## Data for this exercise
☆ ☆ ☆ ☆ ☆

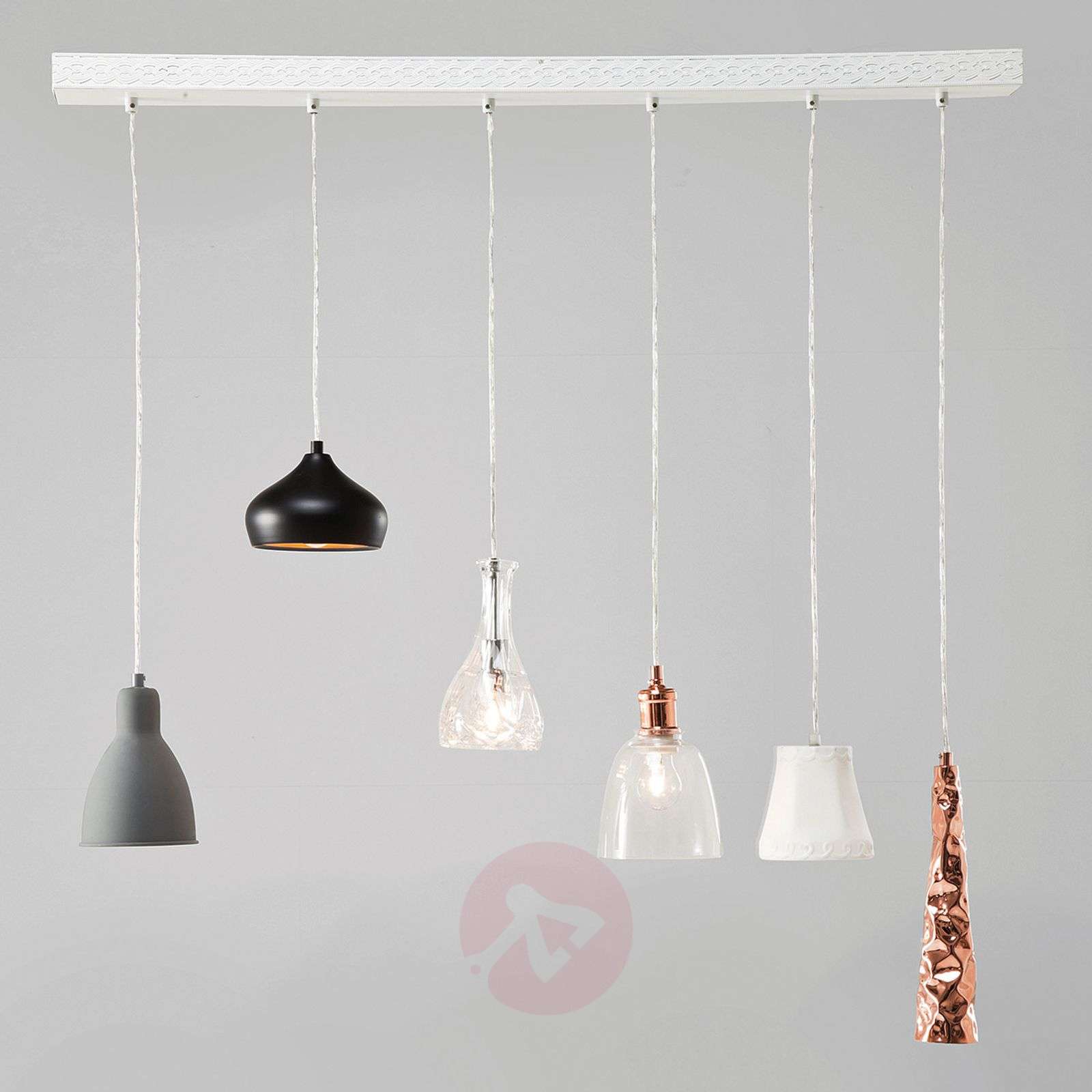 Niezwykła lampa wisząca SHADES DINING, 6-pkt. Lampa wisząca SHADES DINING zachwyca wyjątkową kolorystyką oraz formą. Swój niecodzienny wygląd lampa zawdzięcza również kloszom, które przyjmują raz pękaty, raz płaski a innym razem prostokątny kształt. Ze względu na podłużny baldachim, na którym zamocowane są poszczególne lampy, SHADES DINING doskonale sprawdzi się jako oświetlenie stołu w jadalni. Klasa efektywności energetycznej: A++
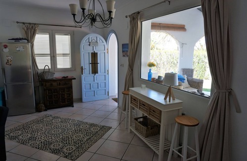 Good location in a residential area at only 50 metres from Els Poblets Almadrava Beach (pepples), the Les Deveses sandy beach is at approx. 300 metres, a 5 minutes walk. There is a restaurant right next door. There is a little supermarket just nearby and diverse restaurants and bars in walking distance. The village centre of Els Poblets is at only 1 km from the villa. There you will find all everydays commodities; various shops, supermarket, restaurants, bars, pharmacy, etc. The city of Denia is at 9 km from the villa and can be reached by car easily within 10 minutes.Denia and its environments provide a very good infrastructure and a huge offer of leisure activities, a mondern Marina and a fishing port, an attractive historic centre and an enormous choice of good restaurants. Last but not least an interesting night live! The diversified 20 km long sandy beach offers something for everyone, water sport activities, calm areas, beach bars, cliffy bays in the nature reserve, great for diving and snorkeling. Denia is situated exactely between Valencia and Alicante, both airports are at about 1 hour 10 minutes driving by car. Within 20 minutes to max. 1 hour you can reach several other lovely places on the coast, i.e. Javea, Calpe, Altea, Benidorm, an Alicante in the south, as well as Oliva, Gandia and Valencia in the north. Also a trip to the back country is worth to do, you will see lots of orange groves, almond trees and quaint villages between green hills and mountains. There are 2 renowned golf courses at only 10 km from the villa: La Sella and Oliva Nova Golf.
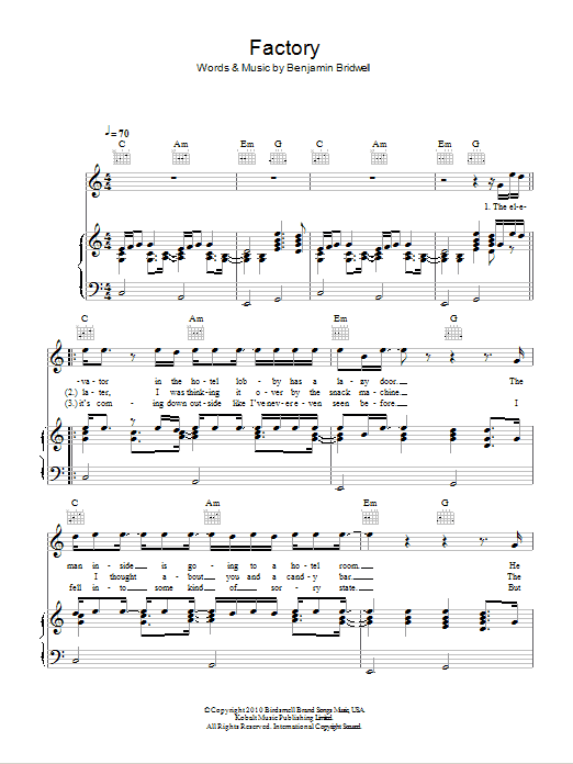 Download or print Band Of Horses Factory sheet music, chords and digital score arranged for Piano, Vocal & Guitar Chords. This Pop score includes 3 page(s).
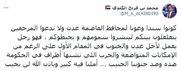 وقال في تغريدة على حسابه بموقع التدوين المصغر تويتر، اليوم: "كونوا سندا وعونا لمحافظ العاصمة عدن ولا تدعوا المرجفين يتغلغلون بينكم لينشروا سمومهم ويحبطوكم".
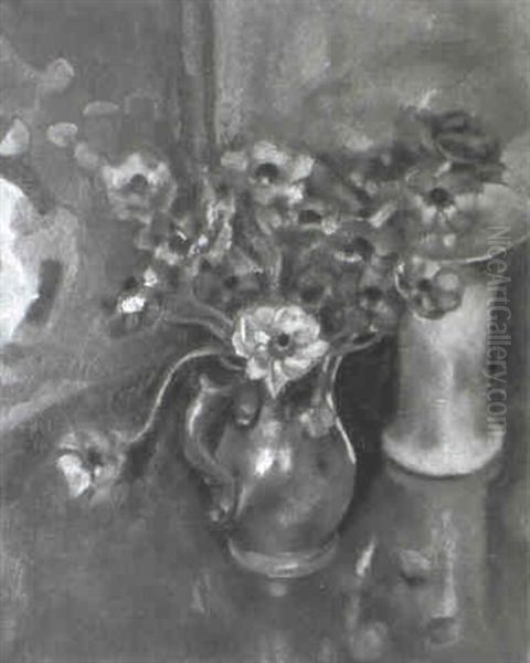 Blumenstilleben Mit Zinnkanne Und Porzellanvase
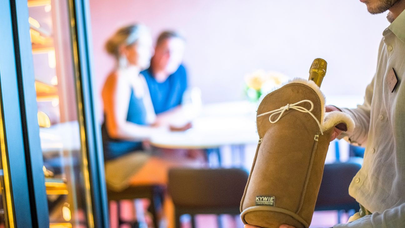 We love to bring you as close to nature as possible with gastronomy. A passive cooler, in sheepskin from our beloved island Texel is a match made in heaven. We've been serving reds and whites in it daily.
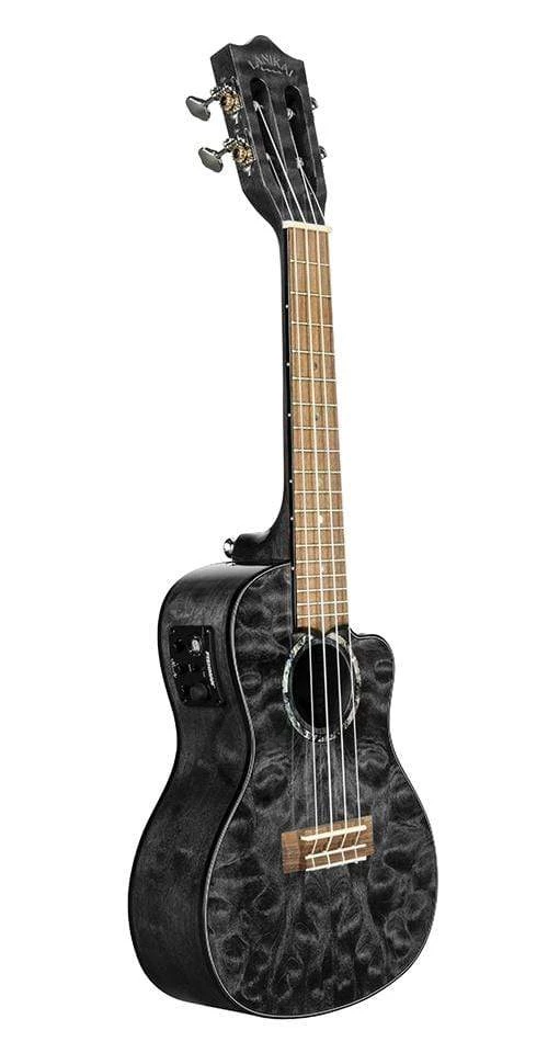 A Lanikai Quilted Maple cutaway electric concert ukulele in trans black provides a wider nut for player comfort, select figured wood, Grover open back tuners on a slotted headstock, multi-ply black ABS body binding, NuBone XB nut and saddle, DAddario strings, Fishman Kula preamp and tuner, glossy finish, foam case and a Limited Lifetime Warranty. From an intimate acoustic stage to a concert stage a Lanikai quilted maple series is an excellent choice for performance. Built as a reliable go-to ukulele, a quilted maple Lanikai is favored by artists around the globe.
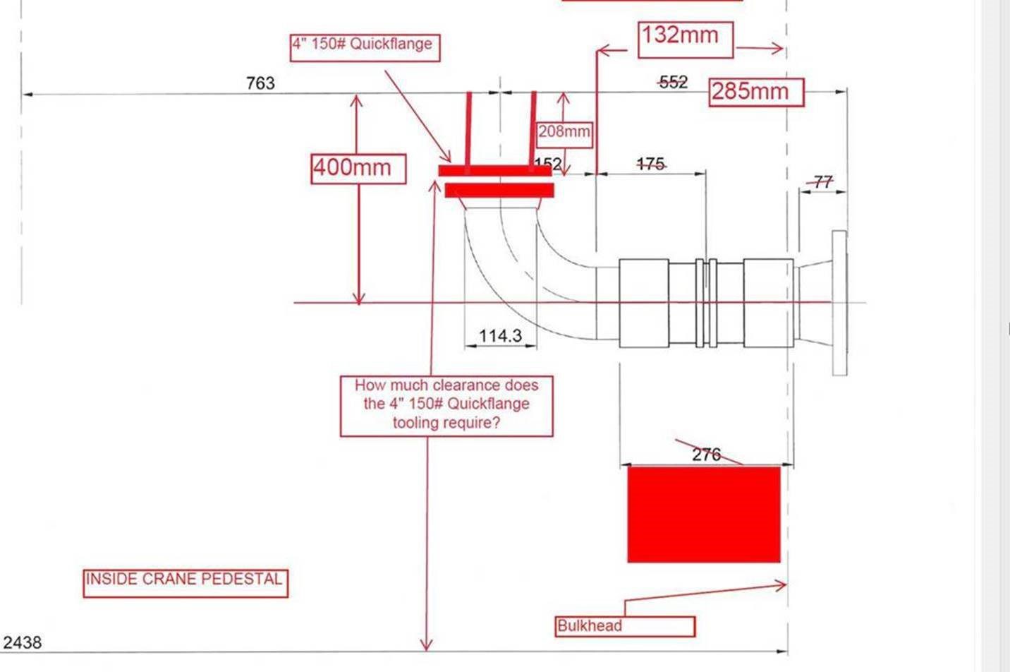 ICR’s standard installation equipment was mobilised, which was able to contend with the tight clearance, limited rigging options and space restrictions – having only limited clearance to the nearest I-beam obstruction. The technician mobilised was ‘confined space entry’ trained in order to complete the install in a safe manner. All items were mobilised within 48hours, minimising the client’s downtime. The Quickflange™ joint was also tested post installation, to ensure the integrity of the connection and that it conformed to industry and client standard.

☆ ☆ ☆ ☆ ☆

## Aim of the exercise
Reproduce exactly, with no pictures, the lines above from the one holding "We love to bring" to the one holding "A Lanikai Quilted Maple cutaway", inclusive.

## Response to this exercise
 We love to bring you as close to nature as possible with gastronomy. A passive cooler, in sheepskin from our beloved island Texel is a match made in heaven. We've been serving reds and whites in it daily.
 A Lanikai Quilted Maple cutaway electric concert ukulele in trans black provides a wider nut for player comfort, select figured wood, Grover open back tuners on a slotted headstock, multi-ply black ABS body binding, NuBone XB nut and saddle, DAddario strings, Fishman Kula preamp and tuner, glossy finish, foam case and a Limited Lifetime Warranty. From an intimate acoustic stage to a concert stage a Lanikai quilted maple series is an excellent choice for performance. Built as a reliable go-to ukulele, a quilted maple Lanikai is favored by artists around the globe.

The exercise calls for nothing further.